Retrofit v rebuild
What do organisations need to know when considering whether they should retrofit or rebuild an existing asset? Chris Kerr looks at the issues.
Reducing greenhouse gas emissions, and carbon in particular, has become a huge issue for the planning system. Embodied carbon – the amount of carbon dioxide emitted during the lifecycle of a building – will, therefore, be an area of contention where any major demolition is proposed going forward.
M&S’s proposed demolition of their flagship Marble Arch store, and the Secretary of State for Levelling Up, Housing and Communities’ decision to refuse planning consent for it, was the first high-profile dispute on this issue, and although the decision was overturned, rather emphatically, by the High Court, it did raise a few key considerations for any organisation debating whether to retrofit or demolish and rebuild their existing asset.

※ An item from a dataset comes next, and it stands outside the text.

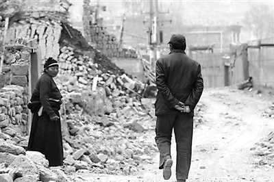 2010年4月20日上午,江勇索南走在结古镇的废墟上。

The first thing to note is that, as it stands there is no presumption against demolition so the option remains on the table.
It is accepted that retention and refurbishment is typically a lower-carbon option than demolition and rebuilding, but this is not always the case.
A central issue in this particular case was what the National Planning Policy Framework (NPPF) says or does not say about prioritising retrofit over demolition. The provision at the centre of the debate was the then Paragraph 152 (now 157) of the NPPF, which says:
“The planning system should support the transition to a low carbon future in a changing climate, taking full account of flood risk and coastal change. It should help to: shape places in ways that contribute to radical reductions in greenhouse gas emissions, minimise vulnerability and improve resilience; encourage the reuse of existing resources, including the conversion of existing buildings; and support renewable and low carbon energy and associated infrastructure.”
The Secretary of State Michael Gove interpreted this to mean that “there should generally be a strong presumption in favour of repurposing and reusing buildings”, and in doing so, concluded that M&S failed to support the transition to a low carbon future, and would overall fail to encourage the reuse of existing resources (including the conversion of existing buildings).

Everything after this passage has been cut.